= Laura Na Liu =

Chinese physicist

Laura Na Liu (born 1979) is a Chinese physicist focused on researching nano-optics of three-dimensional meta materials as it applies to biology and chemistry. After receiving her undergraduate and master's degree in China, she has had many global opportunities for education and research including Germany and the United States of America. Today, she is a professor at University of Stuttgart in Germany. She has received several awards for her contributions in the field of optics.

== Biography ==
Liu has completed her higher education all over the world.

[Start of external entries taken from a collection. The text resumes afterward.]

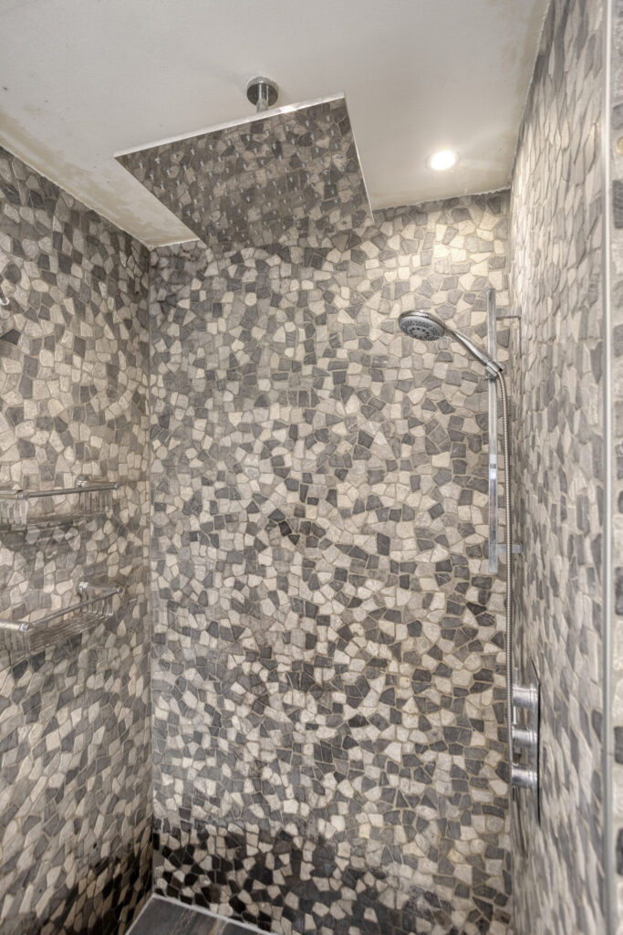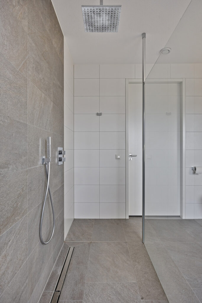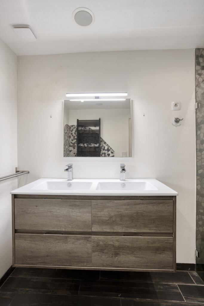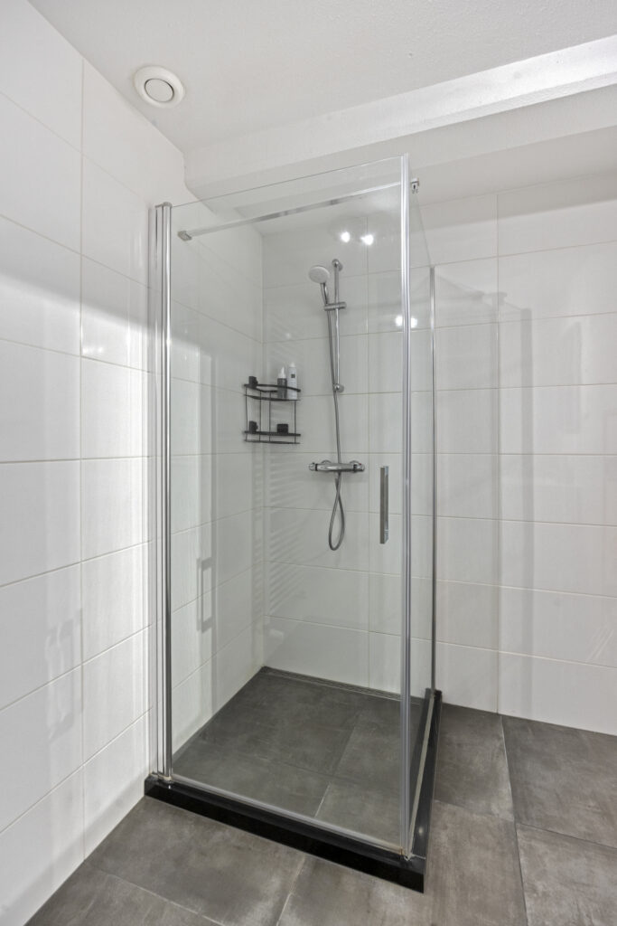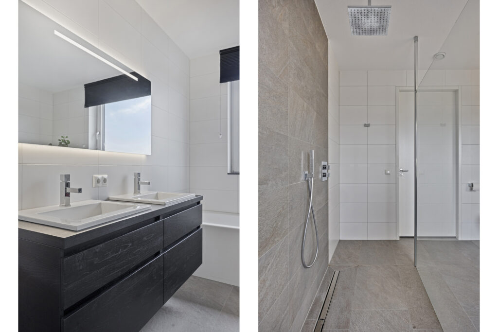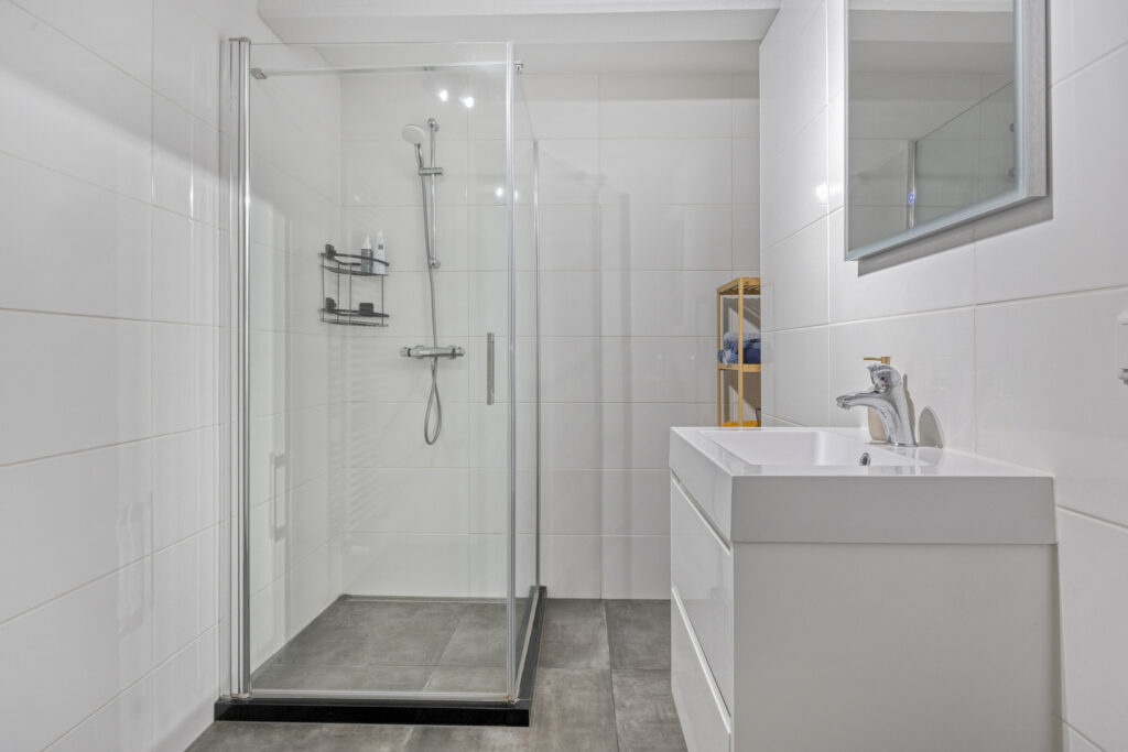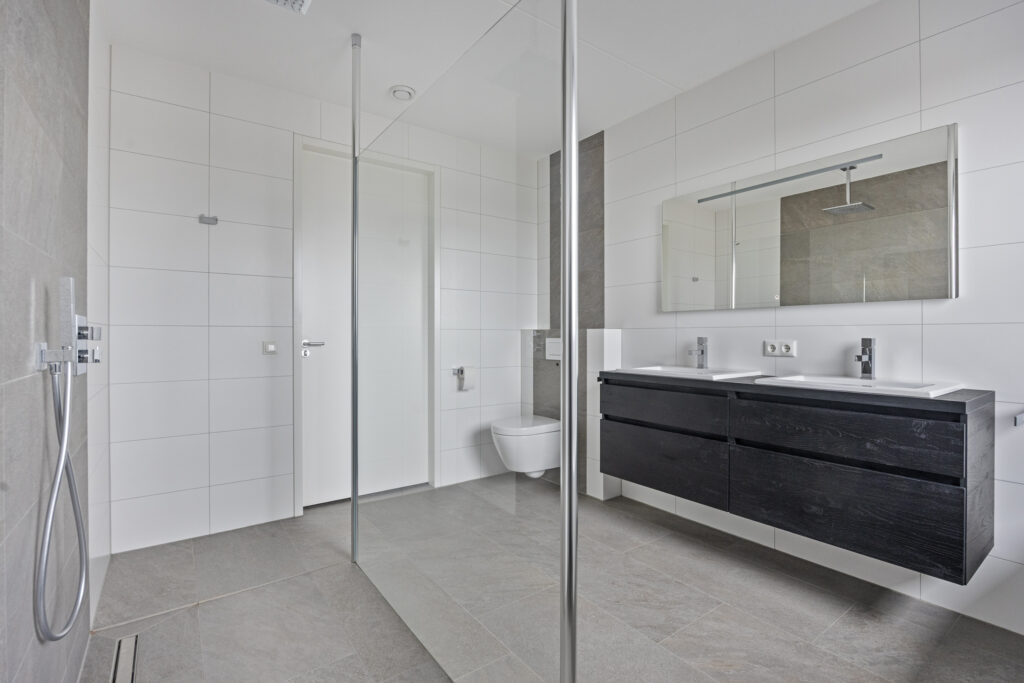 De badkamer is, net als de toiletruimte, uitgevoerd met grote wand- en vloertegels. In de badkamer zie je een wastafel met onderkast, een spiegel met verlichting en de douche is uitgevoerd met een regendouche en een losse handdouche.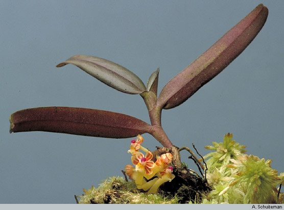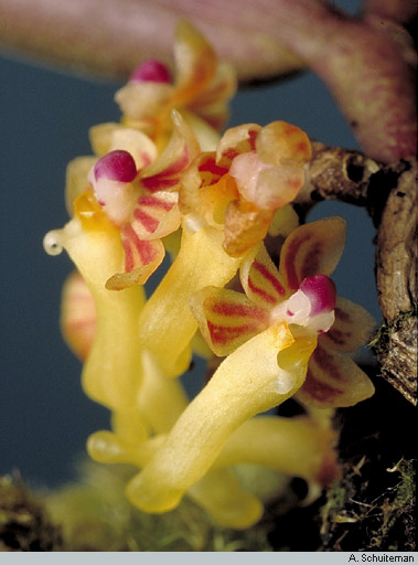 Found in Papua New Guinea in lowland forests at elevations of 400 to 600 meters as a small sized, hot to warm growing epiphyte with a pendant, incurved apically stem carrying 7, curved, half twisted basally, lanceolate, unequally and obtusely bilobed apically leaves that blooms in the spring and fall on a decurved, short, densely 5 to 14 flowered, elliptic in cross-section peduncle and an angular, adpressed, black brown furfuraceous-puberulous rachis, racemose inflorescence with 2 shortly tubular, obtuse, keeled, small scales and triangular, adpressed, concave, acute floral bracts and carrying widely opening, fleshy flowers.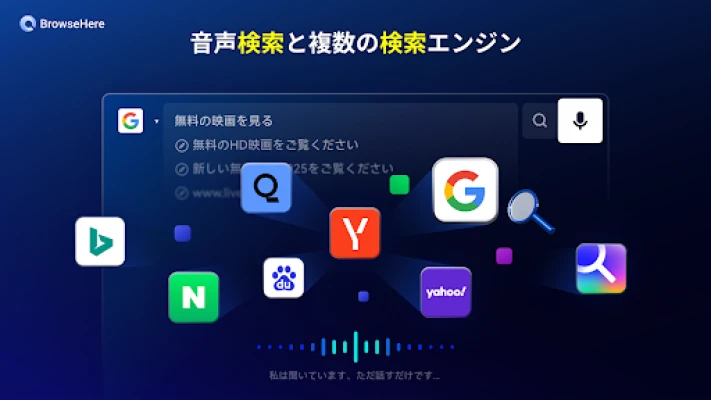 BrowseHereは、あなたのリビングルームのテレビ体験を革新する、究極の多機能ウェブブラウザです。アプリ内課金は一切なく、完全無料で全ての機能を心ゆくまでお楽しみいただけます。Web上の様々な動画コンテンツを大画面で快適に視聴でき、ブックマークや字幕機能も充実。さらに、リモコンでの文字入力の手間を省く画期的な音声入力機能を搭載。どんな言語でも話すだけで簡単に検索でき、あなたの視聴をさらにスムーズにします。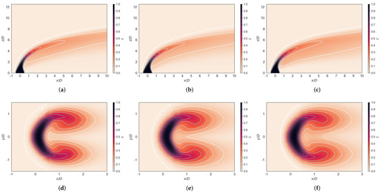 Two-dimensional plots of scalar concentration presented in Figure 9 show good agreement with the results for the fine grid (Figure 5). Results for demonstrate a strong and amplified downstream trend. This is particularly true for variants. The SST model consistently assumes, based on values of c, broadest mixing region. For , distribution zones of c are slightly enlarged when compared to Figure 5. The overall accuracy is satisfactory. Inability to fully reconstruct the experiment is typical for RANS models; they tend to provide acceptable mean values but are unable to fully resolve flow specifics.

As a young woman, Liu completed her studies in Beijing and Hong Kong before she moved to Germany and earned a doctorate degree in physics at University of Stuttgart in 2009. In order to succeed, she had to overcome the culture shock between the two countries' lifestyles. A year later she became a postdoctoral fellow at the University of California, Berkeley. In 2011, she transitioned again to Rice University to be a Texas Instrument Visiting professor. The following year, Liu joined the Max-Planck Institute for Intelligent Systems and led the "Small Nanoplasmonics" research group. Since 2015, Liu moved back to Germany and is a professor at University of Stuttgart. Liu has also been married since receiving her degrees in China.

== Scientific contributions ==
Only being a PhD candidate before 2009, she published 11 papers before receiving her degree.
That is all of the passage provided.